Она пододвинула Николасу один из снимков. Николас никогда не понимал, как его матери это удается. Сам он привык полагаться на фотоаппараты с автофокусировкой. И хотя обычно ему удавалось сделать снимок, не отрезав человеку полголовы, на серьезные занятия фотографией у него не хватало терпения. Но его мать не просто запечатлевала мгновение, она передавала его душу. Вот и сейчас Николас изумленно смотрел на иссиня-черные волосенки, венчающие головку его сына. Одной ручонкой он тянулся к объективу, а другую небрежно уронил на подлокотник стульчика. Но главным на этом снимке были его глаза, распахнутые так широко и радостно, как будто ему только что сообщили, что ему еще очень долго предстоит изучать этот мир.

Николас покачал головой. Он видел фотографии, на которых его мать сумела передать горе солдатских вдов, страшные увечья румынских сирот и даже спокойное и одновременно восторженное благочестие Папы. Но на этот раз она сделала нечто совершенно потрясающее. Она взяла и поймала в ловушку времени его маленького сынишку. На этой фотографии он всегда будет маленьким.

— Ты бесподобна! — прошептал он.

— Я это уже где-то слышала, — рассмеялась Астрид.

Что-то шевельнулось в душе и памяти Николаса. Он вспомнил, что такое же впечатление на него производили удивительные пророческие рисунки Пейдж, на которые помимо ее воли выплескивались тайны других людей. Как и его мать, Пейдж не просто создавала изображение.

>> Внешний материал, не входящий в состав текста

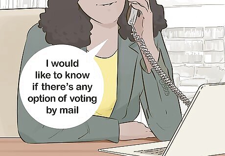 Check to see if your voting jurisdiction allows voting by mail. Many countries allow you to vote in elections by submitting a ballot through the mail. Contact your local election office to find out if they have the option of voting by mail. If they do, you can request a ballot, complete it, and mail it back in before the voting deadline. Be sure to fill out the ballot completely. Some jurisdictions may reject incomplete ballots.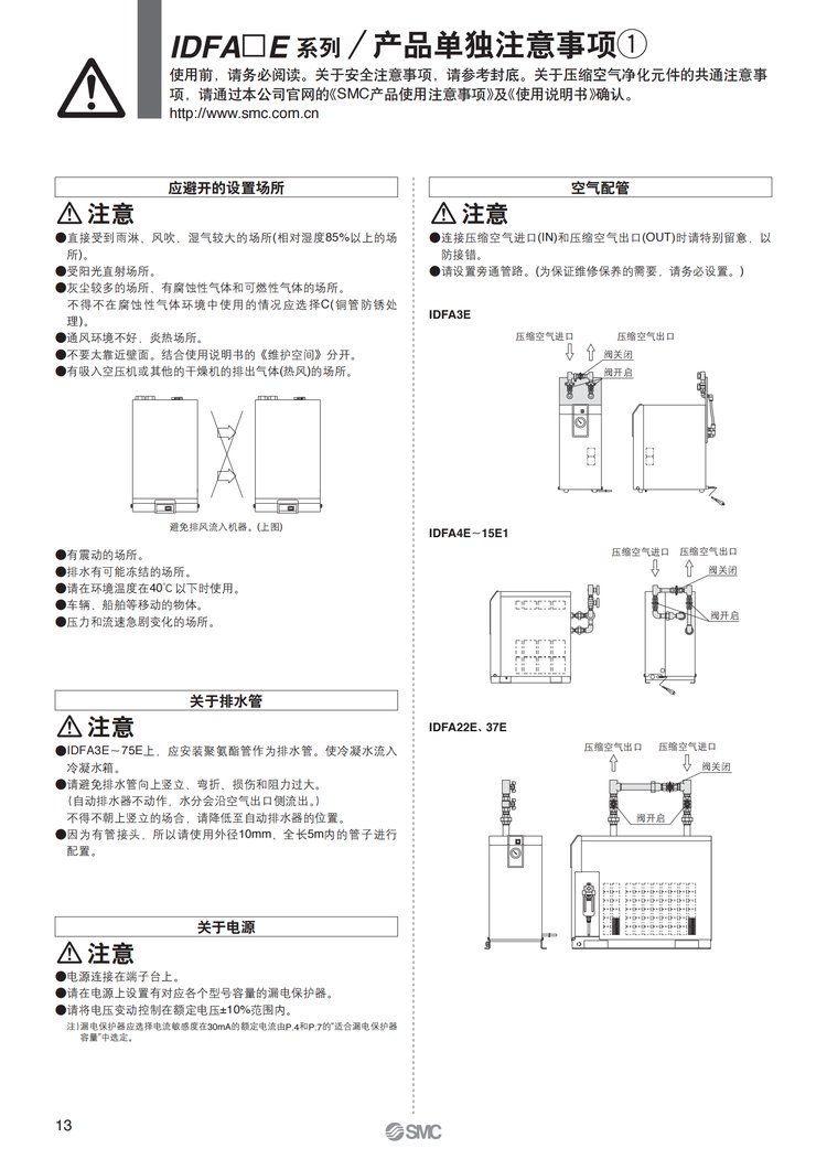 三坐标用 日本SMC冷冻式干燥机IDFA3E/4E/6E/8E/11E/15E1原装现货 品牌 | SMC | ||

Пейдж рисовала сердцем.

— Что случилось? — встревожилась Астрид. — Ты меня не слушаешь.

— Ничего не случилось, — ответил Николас.

Но что в самом деле случилось с рисовальными принадлежностями Пейдж? Когда они жили в квартире, он шагу не мог ступить, чтобы не споткнуться о коробку с аэрозолями или не раздавить упаковку угольных карандашей. Но уже много лет, как Пейдж не рисует. Когда-то он возмущался тем, что ее рисунки часто сохнут на карнизе в ванной. И он любил тайком наблюдать за ней, восхищаясь тем, как ее пальцы летают над бумагой, выманивая образы из их тайных убежищ.

Астрид протянула ему второй снимок.

— Я подумала, что тебе это тоже может понравиться.

Сначала он не видел ничего, кроме тусклого блеска влажной фотобумаги. И вдруг он понял, что смотрит на Пейдж.

Она сидела за столиком и смотрела куда-то влево от объектива. Фотография была черно-белой, но Николас отчетливо видел цвет ее волос. Всякий раз, когда он представлял себе Кембридж, весь город приобретал оттенок ее волос — насыщенный и глубокий цвет поколений.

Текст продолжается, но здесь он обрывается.